I'm just not sure if there is a way to make it reasonably faster.
I am trying to create a tree in python, which I want to be able to do a breadth first traversal later on. However, when I try to loop through the children of a node (i.e the root), it doesn't seem to find any children. However, if I try to access the child separately (root.children[1]) it is valid. I am pretty sure I am doing something silly, but I am not sure where.
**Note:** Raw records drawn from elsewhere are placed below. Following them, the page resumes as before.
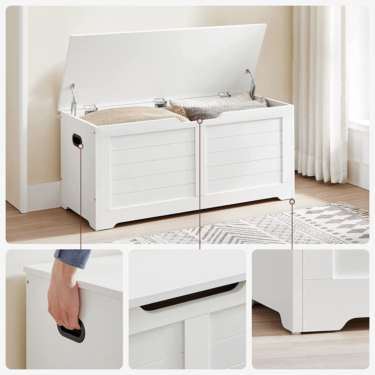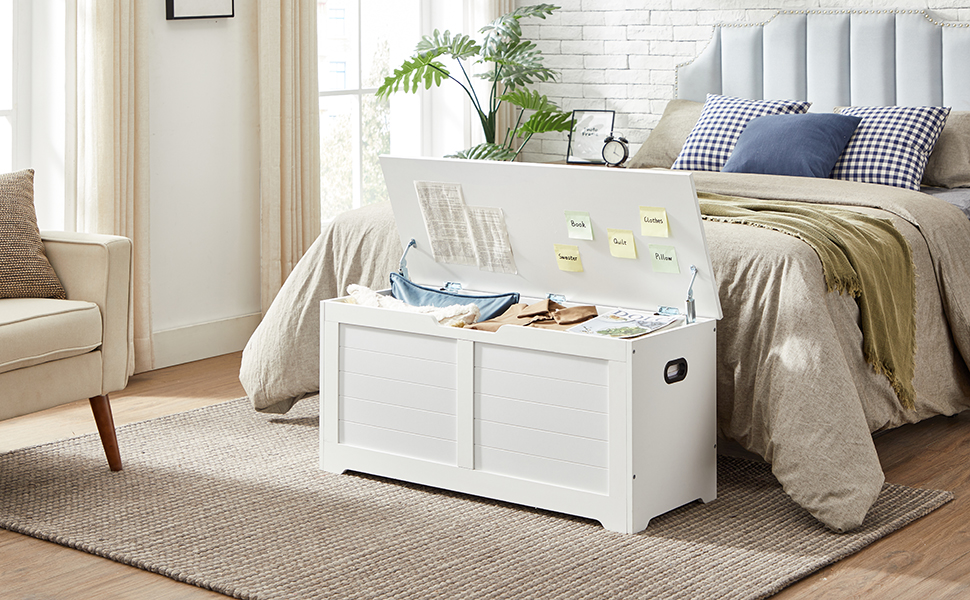 VASAGLE Banca cu spatiu de depozitare, pentru hol sau dormitor, din MDF, 40x100x46cm, alb Household NewTrend
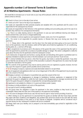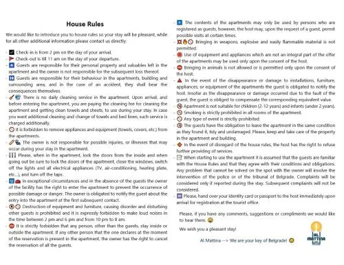 | Bezbednost | Dostupan je pribor za prvu pomoć, Sredstvo za dezinfekciju ruku u jedinici i zajedničkim prostorijama, Uklonjeni su predmeti za zajedničku upotrebu poput štampanih menija, časopisa, olovaka i papira, Osoblje se pridržava svih sigurnosnih protokola koje propisuju lokalni organi vlasti |
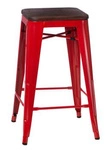Najlepsza cenaHoker Paris Wood 65 cm czerwony industrialny metalowy z drewnianym siedziskiem do wyspy kuchennej

Here is my code:
class Component:
def __init__(self, compName, originName, connected = False): #removed to decrease code size
def __str__(self):
return "\n\tComponent Name: {0}\n\tOrigin Name: {1}\n\tConnected: {2}\n".format(self.name, self.origin, str(self.connected));
class Node:
def __init__(self, component, parent):
self.children = [];
def add_node(self, node):
self.children.append(node);
#...left out some broken code that is commented out...#
def __str__(self):
return "{0}".format(str(self.component));
class Tree:
def __init__(self):
def add_component(self, component, parent = None):
if self.root is None:
self.root = Node(component, parent);
else:
self.root.add_node(Node(component, parent));
def breadth_first(node):
result = [];
queue = [];
queue.append(node);
while queue:
node = queue.pop(0);
result.append(node);
plog("Adding to result\n");
plog(str(node));
if node in node.children:
for child in node.children:
if child not in result and child not in queue:
queue.append(child);
else:
plog("NO CHILDREN\n"); // this is being displayed
return result;
def main(ScriptArgument, oDesktop):
component = Component("Laminate", "B7_TX");
tree = Tree();
tree.add_component(component);
component = Component("B7", "B7_TX");
tree.add_component(component, "Laminate");
result = breadth_first(tree.root);
for x in result:
plog(str(x) + "\n");
This is the output I am getting:
Adding to result # output from breadth-first
Component Name: Laminate #output from breadth-first
Origin Name: B7_TX
Connected: False
NO CHILDREN # this is indicating that the child was not added properly, I believe
Component Name: Laminate # output from the loop in main
Origin Name: B7_TX
Connected: False
Why are you checking if the parent is in the list of children with the following line?
if node in node.children:
I would simply do:
[...]
while queue:
node = queue.pop(0);
result.append(node);
plog("Adding to result\n");
plog(str(node));
for child in node.children:
if child not in result and child not in queue:
queue.append(child);
return result;
My "if" check was wrong. I was checking to see if the root (or current) node is in its own children list, which was wrong. I simply changed this to check if there are any children (if node.children:) and it worked.